## PROBLEM STATEMENT
Leaving out the images, return the data below exactly as it is written.

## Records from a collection
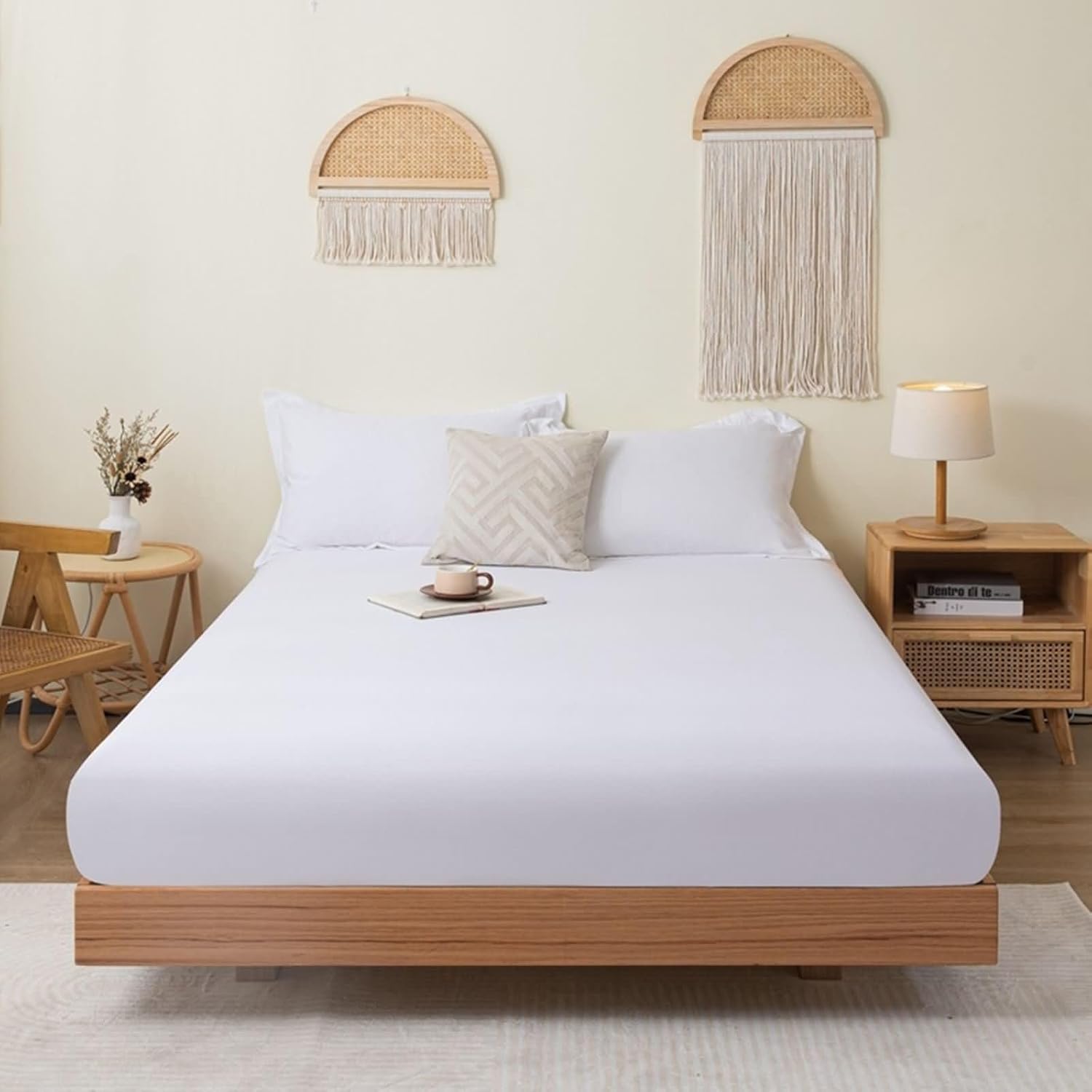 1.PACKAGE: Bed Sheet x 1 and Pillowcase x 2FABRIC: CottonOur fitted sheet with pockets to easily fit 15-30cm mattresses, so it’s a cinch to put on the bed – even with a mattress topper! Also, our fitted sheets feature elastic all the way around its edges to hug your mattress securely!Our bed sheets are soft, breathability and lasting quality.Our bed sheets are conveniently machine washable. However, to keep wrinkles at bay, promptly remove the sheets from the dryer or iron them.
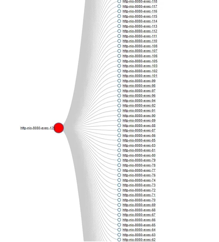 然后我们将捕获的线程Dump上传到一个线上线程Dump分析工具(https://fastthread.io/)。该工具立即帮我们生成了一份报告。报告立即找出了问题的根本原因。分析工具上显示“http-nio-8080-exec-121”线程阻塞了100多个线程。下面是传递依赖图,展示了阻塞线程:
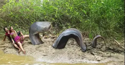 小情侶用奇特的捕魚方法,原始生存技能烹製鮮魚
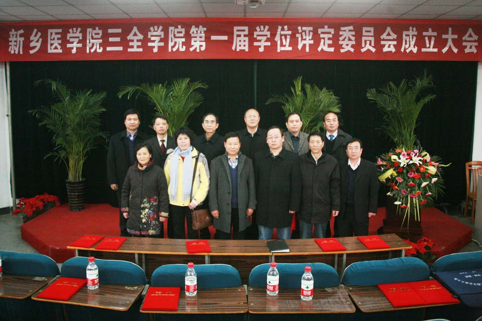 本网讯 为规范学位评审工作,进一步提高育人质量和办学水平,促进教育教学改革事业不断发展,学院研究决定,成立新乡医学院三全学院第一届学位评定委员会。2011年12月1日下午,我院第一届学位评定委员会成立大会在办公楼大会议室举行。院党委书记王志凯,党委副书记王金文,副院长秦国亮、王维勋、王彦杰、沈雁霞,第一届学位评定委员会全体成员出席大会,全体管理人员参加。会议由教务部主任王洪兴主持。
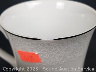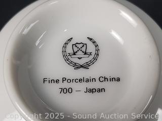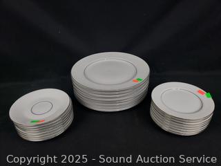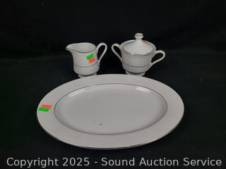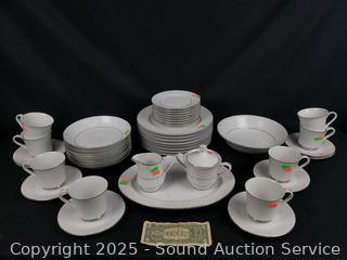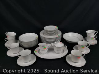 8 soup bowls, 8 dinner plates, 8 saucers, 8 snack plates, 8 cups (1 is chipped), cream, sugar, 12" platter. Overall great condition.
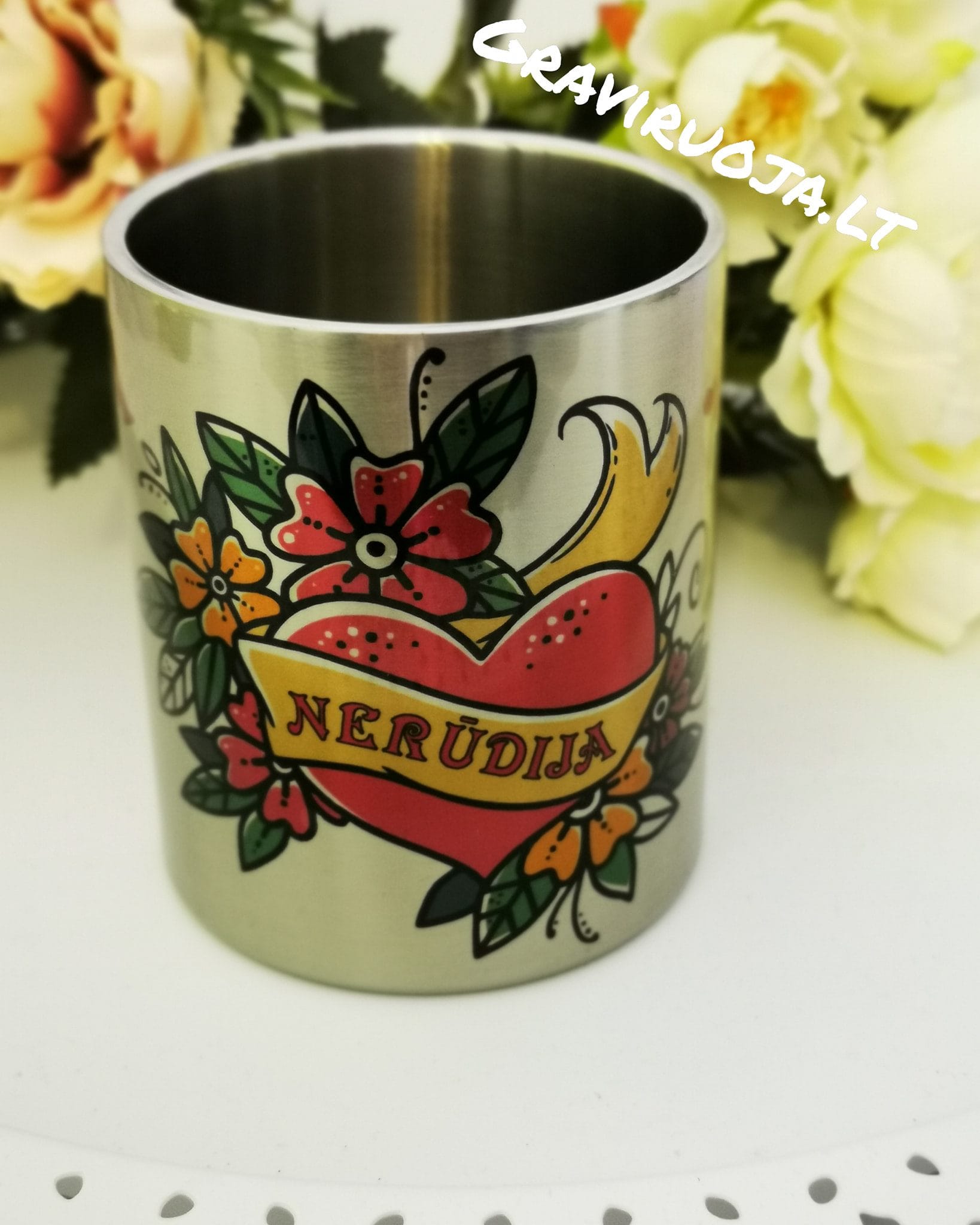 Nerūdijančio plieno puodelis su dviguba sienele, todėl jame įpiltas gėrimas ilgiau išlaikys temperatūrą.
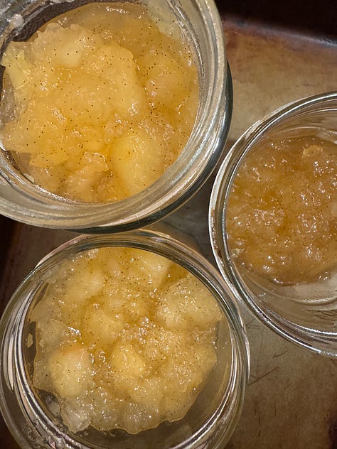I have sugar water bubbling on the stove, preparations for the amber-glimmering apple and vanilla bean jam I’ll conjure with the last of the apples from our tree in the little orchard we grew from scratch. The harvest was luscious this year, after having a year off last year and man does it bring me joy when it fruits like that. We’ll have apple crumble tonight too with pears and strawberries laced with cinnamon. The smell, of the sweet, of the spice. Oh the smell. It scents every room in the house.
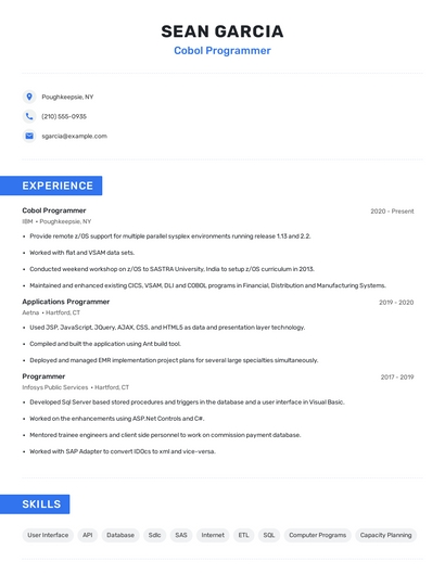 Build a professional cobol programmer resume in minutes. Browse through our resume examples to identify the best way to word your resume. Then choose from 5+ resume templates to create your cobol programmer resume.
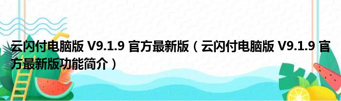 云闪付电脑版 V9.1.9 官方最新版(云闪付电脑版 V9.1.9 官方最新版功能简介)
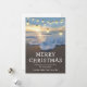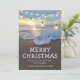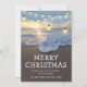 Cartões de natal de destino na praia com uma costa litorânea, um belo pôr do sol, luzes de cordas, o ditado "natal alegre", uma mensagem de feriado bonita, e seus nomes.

## ANSWER AREA
 1.PACKAGE: Bed Sheet x 1 and Pillowcase x 2FABRIC: CottonOur fitted sheet with pockets to easily fit 15-30cm mattresses, so it’s a cinch to put on the bed – even with a mattress topper! Also, our fitted sheets feature elastic all the way around its edges to hug your mattress securely!Our bed sheets are soft, breathability and lasting quality.Our bed sheets are conveniently machine washable. However, to keep wrinkles at bay, promptly remove the sheets from the dryer or iron them.
 然后我们将捕获的线程Dump上传到一个线上线程Dump分析工具(https://fastthread.io/)。该工具立即帮我们生成了一份报告。报告立即找出了问题的根本原因。分析工具上显示“http-nio-8080-exec-121”线程阻塞了100多个线程。下面是传递依赖图,展示了阻塞线程:
 小情侶用奇特的捕魚方法,原始生存技能烹製鮮魚
 本网讯 为规范学位评审工作,进一步提高育人质量和办学水平,促进教育教学改革事业不断发展,学院研究决定,成立新乡医学院三全学院第一届学位评定委员会。2011年12月1日下午,我院第一届学位评定委员会成立大会在办公楼大会议室举行。院党委书记王志凯,党委副书记王金文,副院长秦国亮、王维勋、王彦杰、沈雁霞,第一届学位评定委员会全体成员出席大会,全体管理人员参加。会议由教务部主任王洪兴主持。
 8 soup bowls, 8 dinner plates, 8 saucers, 8 snack plates, 8 cups (1 is chipped), cream, sugar, 12" platter. Overall great condition.
 Nerūdijančio plieno puodelis su dviguba sienele, todėl jame įpiltas gėrimas ilgiau išlaikys temperatūrą.
I have sugar water bubbling on the stove, preparations for the amber-glimmering apple and vanilla bean jam I’ll conjure with the last of the apples from our tree in the little orchard we grew from scratch. The harvest was luscious this year, after having a year off last year and man does it bring me joy when it fruits like that. We’ll have apple crumble tonight too with pears and strawberries laced with cinnamon. The smell, of the sweet, of the spice. Oh the smell. It scents every room in the house.
 Build a professional cobol programmer resume in minutes. Browse through our resume examples to identify the best way to word your resume. Then choose from 5+ resume templates to create your cobol programmer resume.
 云闪付电脑版 V9.1.9 官方最新版(云闪付电脑版 V9.1.9 官方最新版功能简介)
 Cartões de natal de destino na praia com uma costa litorânea, um belo pôr do sol, luzes de cordas, o ditado "natal alegre", uma mensagem de feriado bonita, e seus nomes.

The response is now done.